With ACK-CAI, you can deploy vLLM inference services in ACK heterogeneous confidential computing clusters with the following protections:

  • Hardware-level isolation: Intel TDX and NVIDIA GPU TEE build a hardware-enforced trusted execution environment, protecting model weights and inference data during computation.

  • Remote attestation-based key distribution: The Trustee service cryptographically verifies the runtime environment before distributing model decryption keys—keys are released only to verified, trusted environments.

  • End-to-end encryption: A Trusted Network Gateway (TNG) establishes an encrypted channel from client to server, protecting inference requests and responses in transit.

  • Non-intrusive integration: A Kubernetes webhook automatically injects security components into pods based on annotations, with no changes required to your application code or images.

How it works

ACK-CAI provides confidential computing capabilities by injecting a set of sidecar containers called Trustiflux into application pods.

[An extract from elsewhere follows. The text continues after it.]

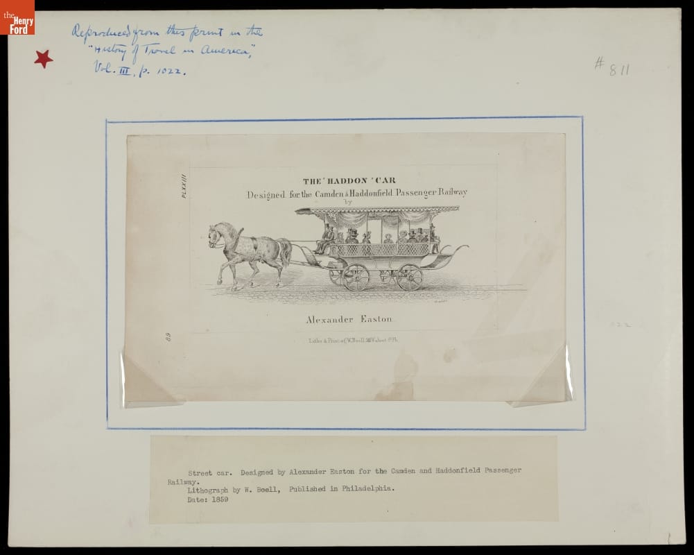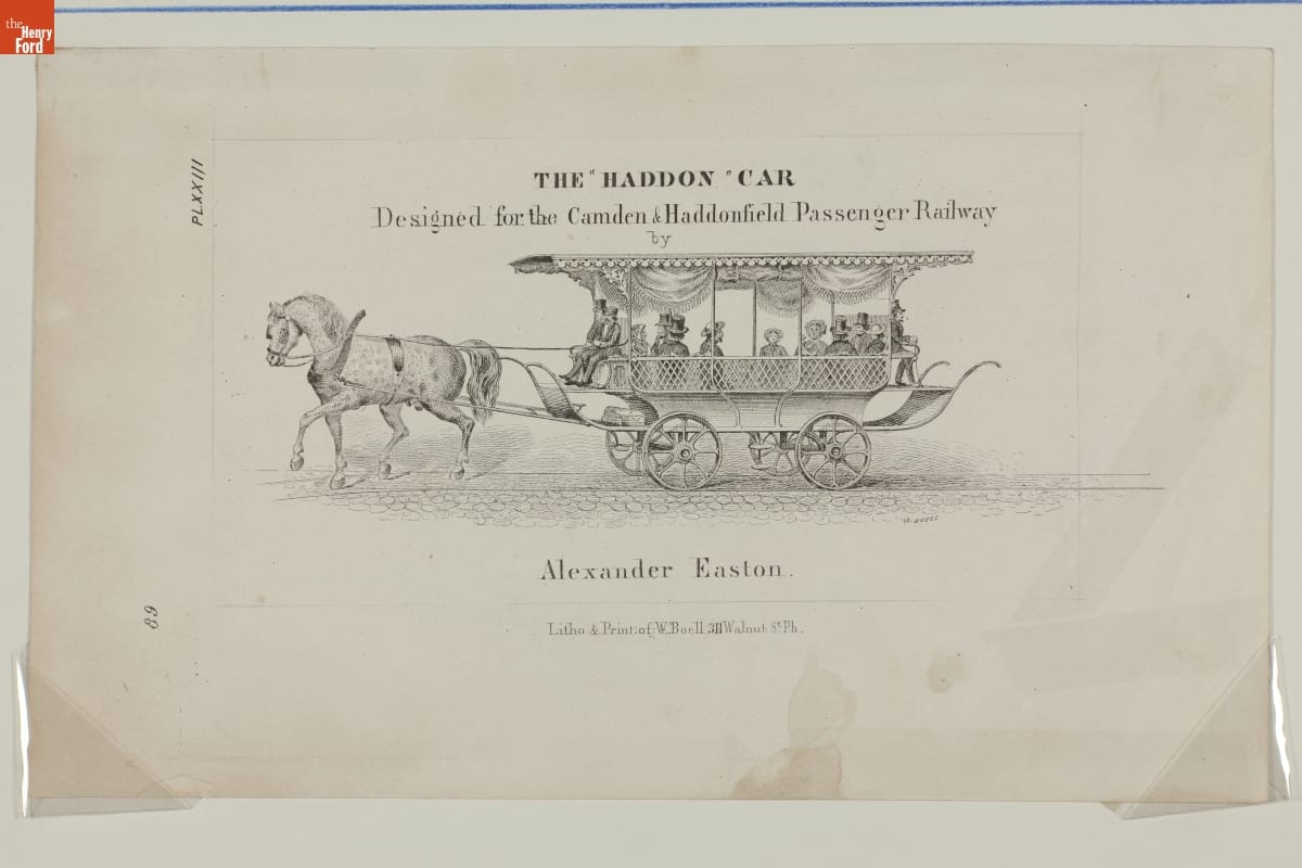 Horse-drawn streetcars provided a convenient and affordable way to get around a growing city. These streetcars traveled the main urban thoroughfares and took passengers to their workplaces, local shops and businesses, parks and other destinations. Alexander Easton designed the "Haddon Car" for the Camden Haddonfield Passenger Railway in New Jersey. He later helped organize the Toronto (Canada) Street Railway in 1861.

Security is enforced through remote attestation, ensuring that models and inference data are accessible only inside a verified trusted environment.

image

Expand to view core component descriptions

Component Role
ACK heterogeneous confidential computing cluster A Kubernetes cluster built on TDX confidential instances with GPU confidential computing capabilities
Trustee remote attestation service Verifies the trustworthiness of the runtime environment and distributes model decryption keys after successful verification
Attestation Agent (AA) Runs inside the Trustiflux sidecar; performs remote attestation and retrieves decryption keys
Confidential Data Hub (CDH) Runs inside the Trustiflux sidecar; decrypts ciphertext model data
Trusted Network Gateway Server (TNG Server) Runs inside the Trustiflux sidecar; establishes and manages secure communication channels
Cachefs Runs inside the Trustiflux sidecar; decrypts the encrypted model files and mounts them into the inference container
Trusted Network Gateway Client (TNG Client) Runs on the client machine; establishes a secure channel to the cluster
Inference service The container that runs vLLM and serves model inference requests

Expand to view core security mechanisms

The solution enforces security through two mechanisms:

Remote attestation-based encrypted model distribution:

  1. When the pod starts, the Attestation Agent (AA) in the sidecar sends an attestation request to the Trustee service.

  2. Trustee verifies the trustworthiness of both the CPU (TDX) and GPU confidential environments.

  3. After successful verification, Trustee distributes the model decryption key to the pod.

  4. CDH and Cachefs use the key to decrypt the encrypted model files and mount them into the inference container.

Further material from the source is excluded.